## Given material
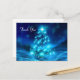 Carte de remerciement avec un sapin de Noël électrique bleu moderne. Décoré de lumières tout autour. Le fond comporte des lumières floues délavées.
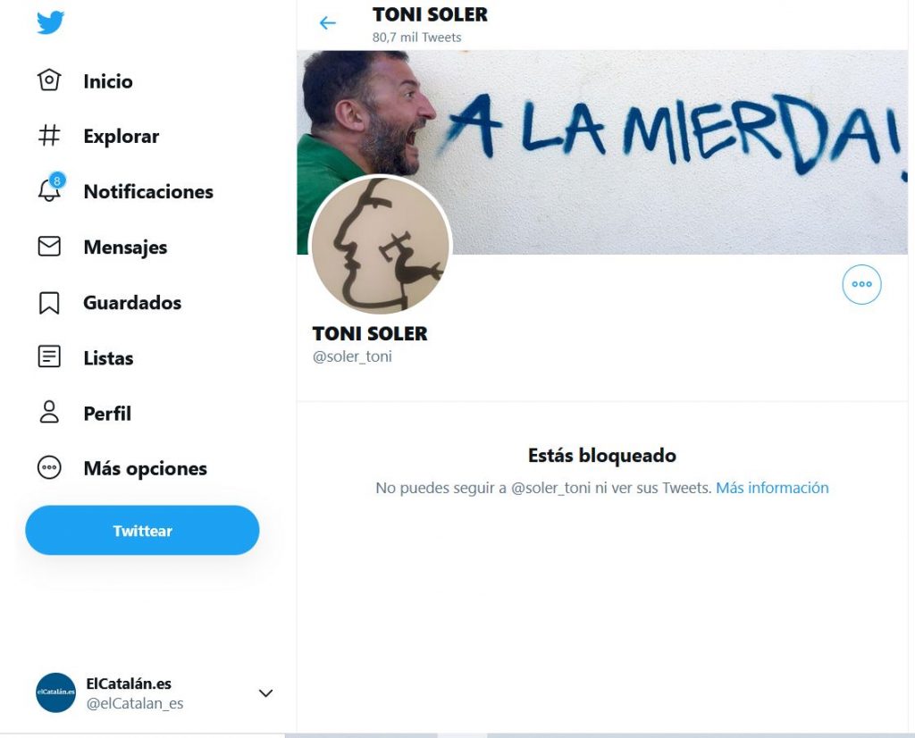 El ‘dúo maravillas’ de TV3, Toni Soler y Jair Domínguez, que tienen en redes sociales un buen número de tuits ofensivos contra líderes constitucionalistas, han bloqueado en Twitter a elCatalán.es. Ambos son copresentadores del programa de la televisión autonómica catalana ‘Està passant’, que es producido por la empresa de Soler, Minòria Absoluta.
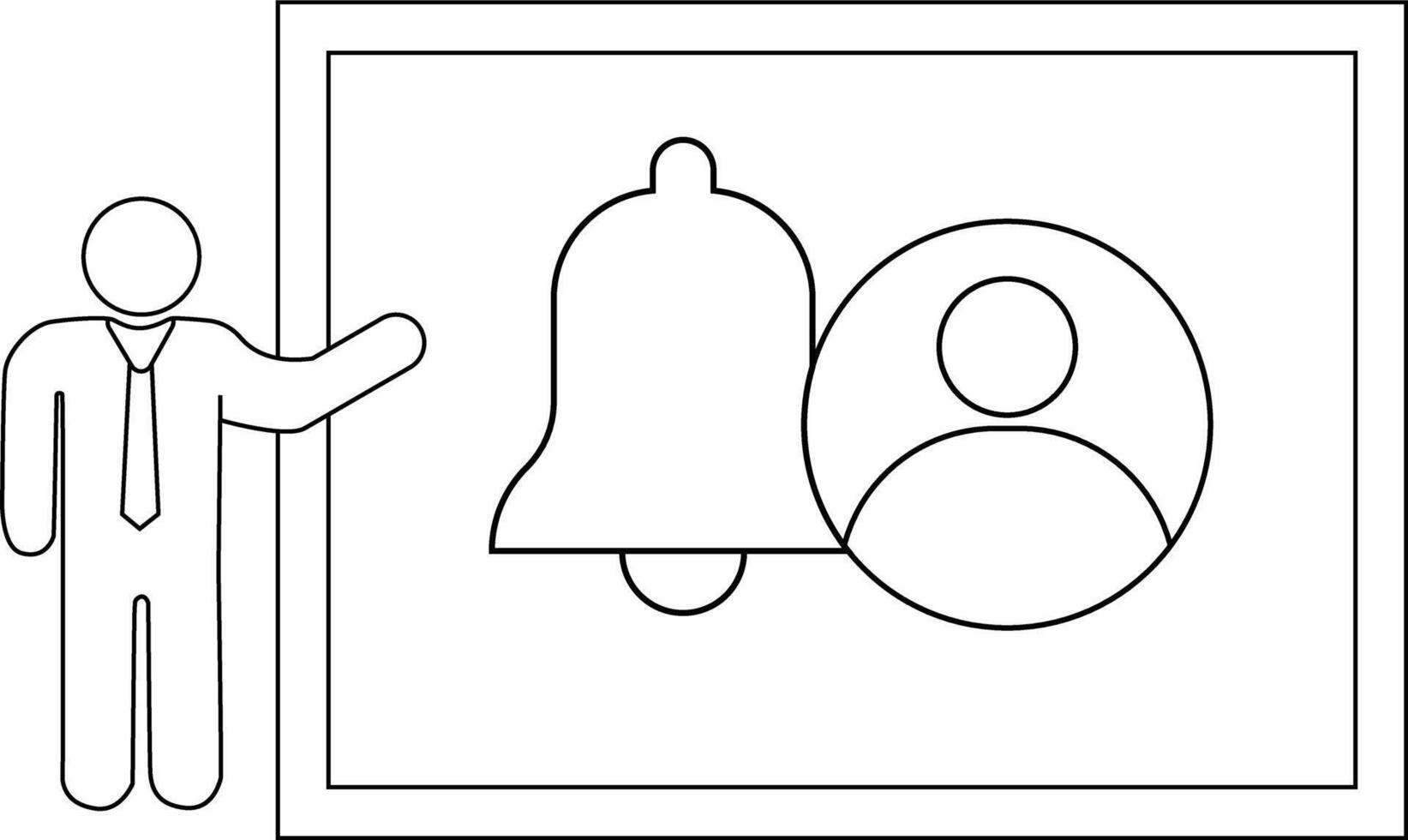 A stickfigure man presents a screen showing a bell and a person icon in a rectangular frame vector
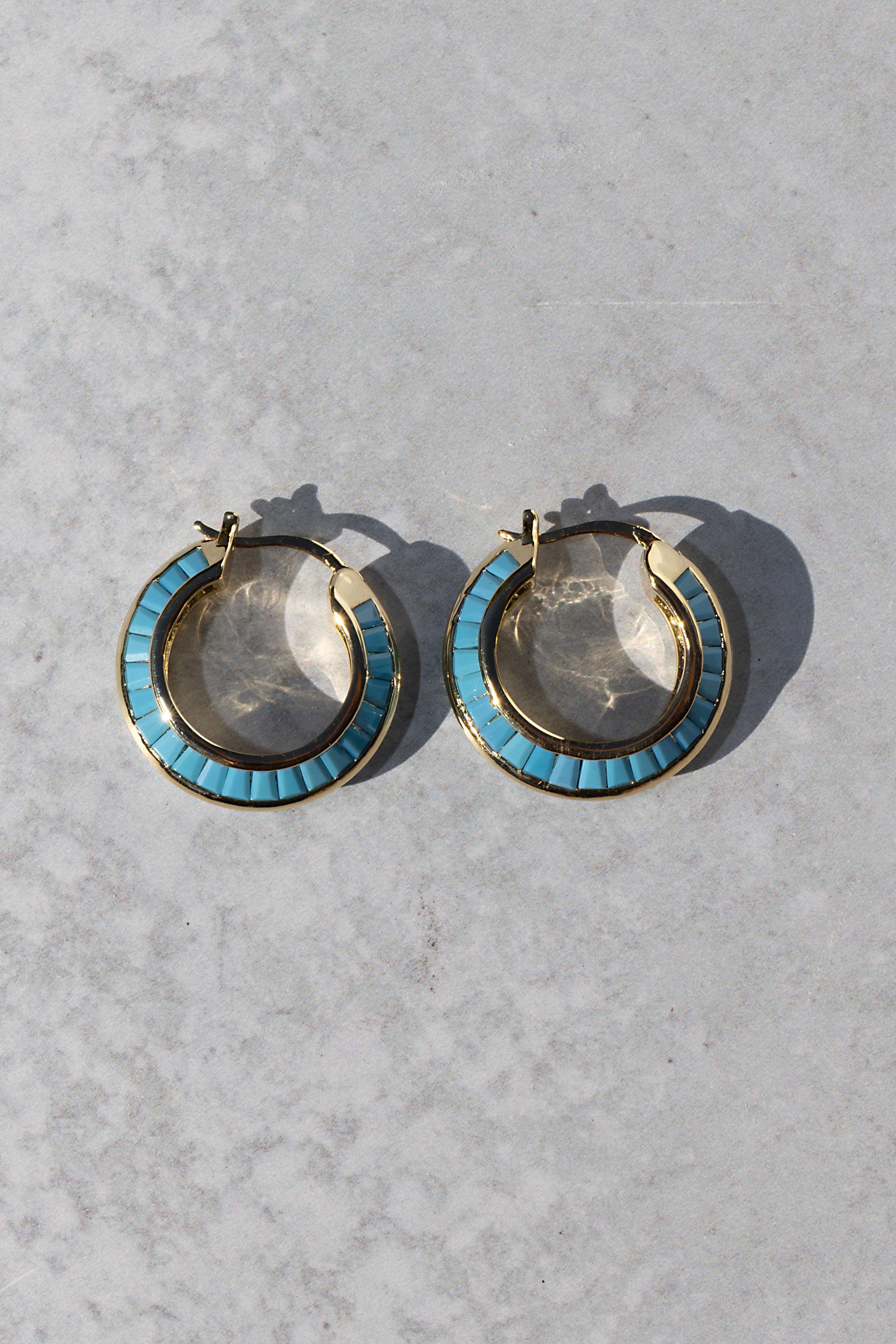 Sleek and sculptural with a modern edge, these gold-plated hoops strike the perfect balance between everyday polish and statement shine. A row of geometric CZ baguette stones is accented by a vibrant turquoise detail, creating a refined yet eye-catching finish that transitions effortlessly from day to evening.

## To do
Output the listing above in full and exactly, with pictures excluded.

## Response box
 Carte de remerciement avec un sapin de Noël électrique bleu moderne. Décoré de lumières tout autour. Le fond comporte des lumières floues délavées.
 El ‘dúo maravillas’ de TV3, Toni Soler y Jair Domínguez, que tienen en redes sociales un buen número de tuits ofensivos contra líderes constitucionalistas, han bloqueado en Twitter a elCatalán.es. Ambos son copresentadores del programa de la televisión autonómica catalana ‘Està passant’, que es producido por la empresa de Soler, Minòria Absoluta.
 A stickfigure man presents a screen showing a bell and a person icon in a rectangular frame vector
 Sleek and sculptural with a modern edge, these gold-plated hoops strike the perfect balance between everyday polish and statement shine. A row of geometric CZ baguette stones is accented by a vibrant turquoise detail, creating a refined yet eye-catching finish that transitions effortlessly from day to evening.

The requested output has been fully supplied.